To analyze the incidence and risk factors for breakthrough COVID-19 infection in patients with autoimmune rheumatic disease, Shenoy and colleagues prospectively followed 630 fully vaccinated patients from the Center for Arthritis and Rheumatism Excellence, in southern India. All participants had been diagnosed with an autoimmune rheumatic disease and completed two doses of a SARS-CoV2 vaccine. Individuals with prior COVID-19 infection were excluded. Enrollment began in March 2021, with follow-up ending in October 2021.
The researchers assessed antibodies to receptor binding domain of spike protein (anti-RBD) in all participants 4 to 6 weeks after the second vaccine dose. Participants were then stratified based on antibody response, with “good responders” demonstrating greater than 212 IU, “inadequate responders” having a range of 0.8 to 212 IU, and those with less than 0.8 IU identified as “non-responders.” After a minimum of 8 weeks post-vaccination, patients were followed up with every 2 months to identify breakthrough COVID-19 infection. In addition, all sero-converted participants who had contact with COVID-19 were examined for neutralizing antibodies.

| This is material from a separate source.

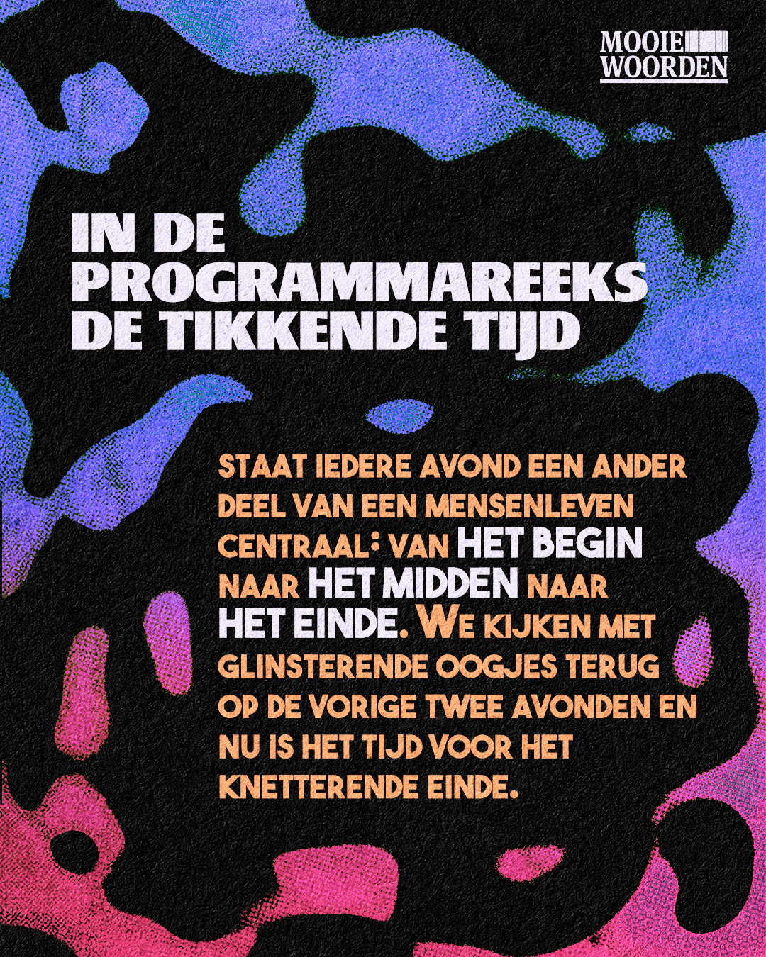 I've been working together with literary collective Mooie Woorden as content creator and marketeer. I've created content for their open call for writers called Natte Inkt and their trilogy event called De Tikkende Tijd. This event on the 12th of September 2025 was held at De Helling and completely sold out.

Among the 630 participants, 78.6% received the AstraZeneca AZD1222 vaccine, while the remaining received the BBV152 vaccine, developed by Bharat Biotech International in India. The mean age of the participants was 55.2 years.
According to the researchers, the mean post-vaccination antibody titer was 854.1, with 60.3% identified as “good responders,” 22.7% as “inadequate responders” and 16.9% deemed “non-responders.”
In all, breakthrough COVID-19 infection occurred in 7.4% of participants, at a mean follow-up of 147.3 days. Breakthrough cases were proportionately highest among non-responders, at 17.75%, followed by inadequate responders, at 9.09%. Only 3.95% of good responders experienced breakthrough COVID-19. In a log-rank analysis, the researchers found that antibody response (P < .00001), vaccine type (P = .003) and mycophenolate mofetil use (P = .007) were significant predictors of breakthrough infection. However, in the multivariate Cox regression, only vaccine non-response was significantly associated with breakthrough COVID-19 infection (HR = 3.6; 95% CI, 1.58-8).
Among patients who were sero-converted and had contact with COVID-19, neutralization levels varied between those who did and did not develop infection.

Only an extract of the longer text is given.